Recently Merritt wrote an opinion article in USA Today saying Christians should show more compassion to gays. The SBC Ethics & Religious Liberty Commission responded with an e-mail to Baptist journalists citing criticism by the convention's "gender-issues specialist," Bob Stith. Stith said Merritt's article did a "disservice" to evangelicals who are "actively engaged in loving outreach to homosexuals," including the SBC's own Task Force on Ministry to Homosexuals, formed in 2001.

Merritt told Associated Baptist Press he does not expect similar criticism for supporting the Two Futures initiative, because it is endorsed by prominent conservative voices including Prison Fellowship founder Charles Colson.

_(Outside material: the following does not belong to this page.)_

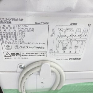 今回は港区浜松町にお住まいの30代男性(会社員・単身世帯・賃貸マンション)より、IRIS OHYAMA 全自動洗濯機 IAW-T502E(2020年製)を出張買取にてご依頼いただきました。

The Southern Baptist Convention adopted resolutions supporting multilateral nuclear disarmament in 1978, 1979, 1982 and 1983. 

The most recent Southern Baptist resolution mentioning nuclear weapons came in 2002. It urged national leaders to prevent terrorist-supporting nations from attaining weapons of mass destruction.

Merritt said he "would love to see" a new SBC resolution affirming those previous stands.

Wigg Stevenson, author of Brand Jesus: Christianity in a Consumerist Age and articles in magazines including Christianity Today, Relevant and Sojourners, unveiled the Two Futures Project at the Q conference, a gathering in Austin, Texas, of about 500 Christian leaders interested in engaging culture for common good.

Wigg Stevenson said he received "an astonishing amount of support" from across the theological and political spectrum. He said in the last few days he received invitations to speak in churches with combined memberships of more than 20,000 people.


–Bob Allen is senior writer for Associated Baptist Press.